Unlike DRAM, which loses data when power is cut and demands constant energy to operate, NAND flash is non-volatile. This persistent storage approach helps curb the power and cooling requirements that are straining data centers and edge deployments, a key concern as AI adoption spreads.
Sandisk’s initial HBF prototypes leverage its proprietary BiCS NAND stacking and CBA wafer bonding technologies, showcased recently at the Flash Memory Summit 2025—where the company picked up the “Most Innovative Technology” award.
The intent is to establish HBF as a cross-industry standard, rather than a closed, proprietary solution. To that end, Sandisk has convened a Technical Advisory Board comprising figures from both inside and outside the company, including recognized experts like RISC co-founder David Patterson and graphics leader Raja Koduri, to help shape the ecosystem and guide technical strategy.
What sets HBF apart is its ability to offer DRAM-like bandwidth with flash-grade capacity. In practical terms, this means future AI accelerators could support several terabytes of memory—without the escalating financial and thermal costs associated with current high-bandwidth DRAM.
For comparison, mixing HBM with HBF in next-gen GPUs could potentially scale memory from 192GB (a typical upper end for HBM today) all the way up to 3TB or even 4TB using only HBF, dramatically broadening the capabilities of AI inference hardware.
Industry adoption will be slow but steady, with first HBF modules expected to sample in the second half of 2026 and the first AI inference devices using the technology anticipated in early 2027.

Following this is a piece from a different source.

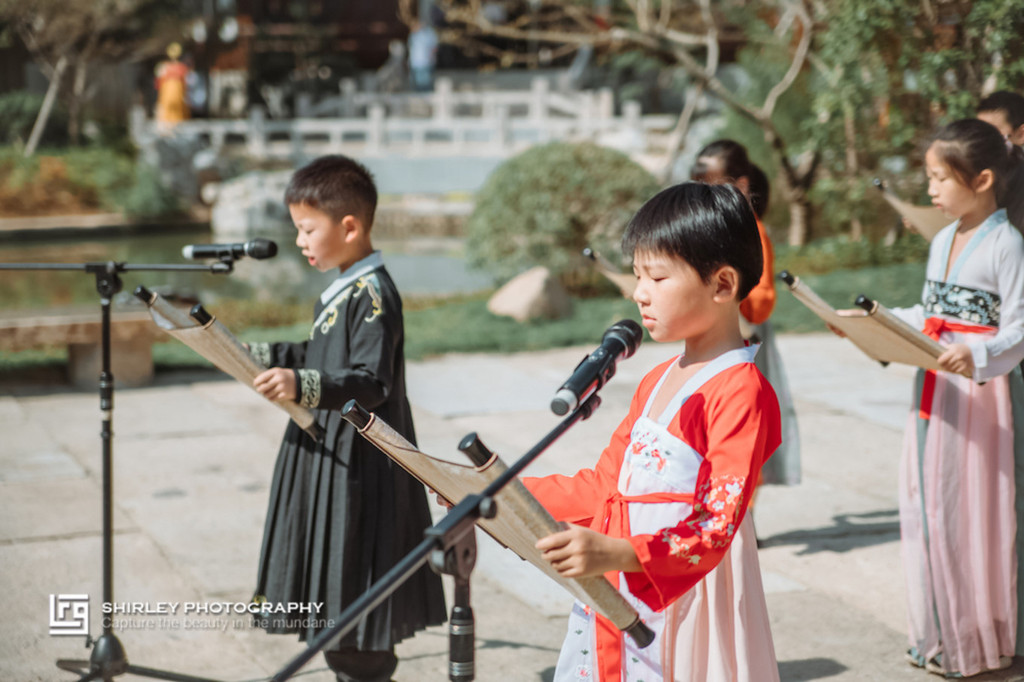 茶圣陆羽铜像广场前,是一群身着汉服的小朋友正在举行茶圣谒拜仪式。看着一脸认真、有模有样的小朋友手执卷轴,齐声诵读《咏茶三字经》;我们感慨传承了千年的茶文化,也一定能在新生代身上继续得到发扬光大吧。

The collaboration is especially significant as cutting-edge AI chipmakers like Nvidia and hyperscalers seek more affordable, lower-energy solutions amid skyrocketing demand—and as competitors like Samsung also invest in hybrid memory and flash-backed storage for upcoming hardware generations.
The Sandisk – SK hynix effort is more than just a technical milestone; it’s a signal that the memory ecosystem is evolving to embrace heterogeneous stacks, blending the best of DRAM, flash, and soon even next-generation persistent memories.